Since I am not a trained art critic, I will only say that his work reminds me of Henri Matisse and Joan Miro’s. Here is an untitled painting that I found particularly beautiful:

What interests me more is the unusual path he followed in becoming an artist. To start with, he came from a working-class family. His father worked in an Alcoa Aluminum factory and then as a postman. His mother worked also in factories and as a bookkeeper.

While he was part of my generation that radicalized during the Vietnam War, his break with the status quo had more to do with his attitude toward his chosen profession. As Frances Stonor Saunders pointed out in her “Who Paid the Piper? The CIA and the Cultural Cold War”, abstract expressionism was exploited by the CIA as proof that artistic freedom in the West trumped the hackneyed socialist realism of the USSR. While Nozkowski was little interested in an open rebellion against the well-entrenched abstract expressionism, he sought an alternate path as described in W magazine:

Then one day around 1970 he remembers walking into a SoHo gallery and seeing a 45-foot painting. “I looked at this thing and thought, This is crazy,” he says. “It was for the institutions that we’d been hating.

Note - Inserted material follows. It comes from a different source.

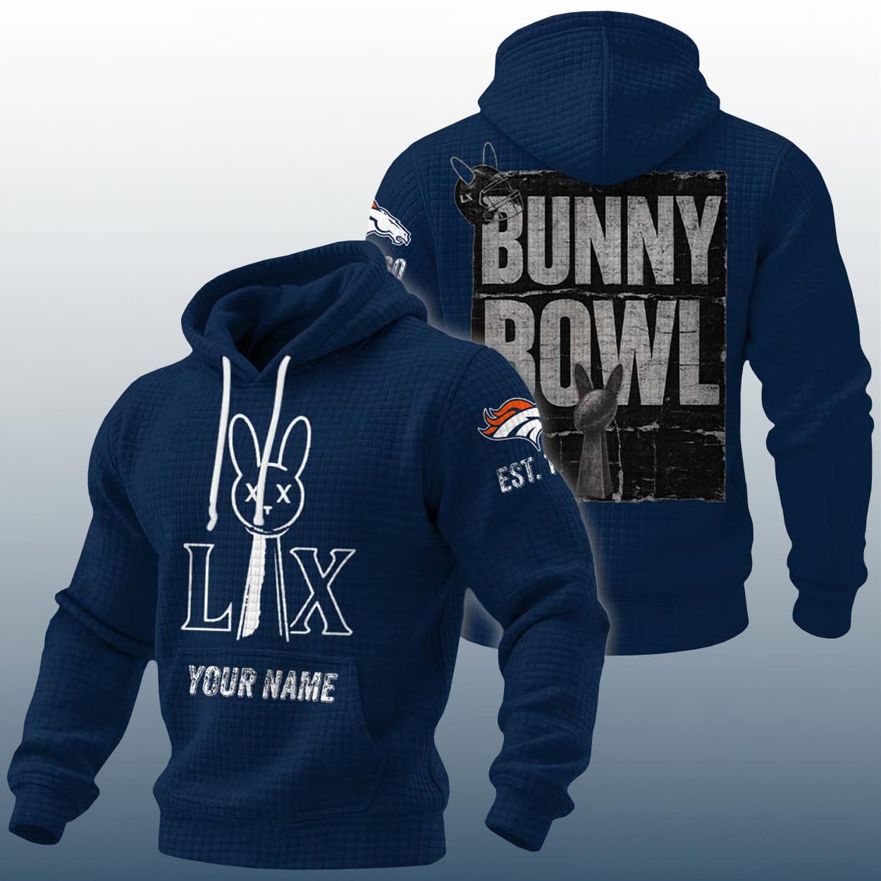 Ready to hop into the spotlight? Customize your Broncos Bunny Bowl LX 2026 Waffle Hoodie and show the world that football isn’t just fierce—it’s fun. Order yours today and lead the charge with ears up and spirits high.

Where does this go? A lobby, a bank, a museum, a rich person’s house, come on. At the time my paintings were a healthy 90 by 110 inches. Nice wall-filling items. And I said, I don’t want to do this. I want to do paintings that hang in my friends’ apartments.

He told John Yau, the author of a monograph on his work, that such large-scale works were nothing but “an extension of imperialism…it occupied whatever space it wanted to without regard for others”

Like many artists, Nozkowski had a “day job” before earnings from his work could sustain him. In his case, it was working for magazines, first at Time Magazine and then as the production director of Mad Magazine. He also designed hundreds of books. He told Hyperallergic Magazine that his specialty was pop trash: UFOs, Movie Tie-Ins, Disco Dancing, Celebrity Biographies and Bermuda Triangle books. He confessed that he even wrote one of those. You can even buy a copy of his work at Mad Magazine from Amazon.com.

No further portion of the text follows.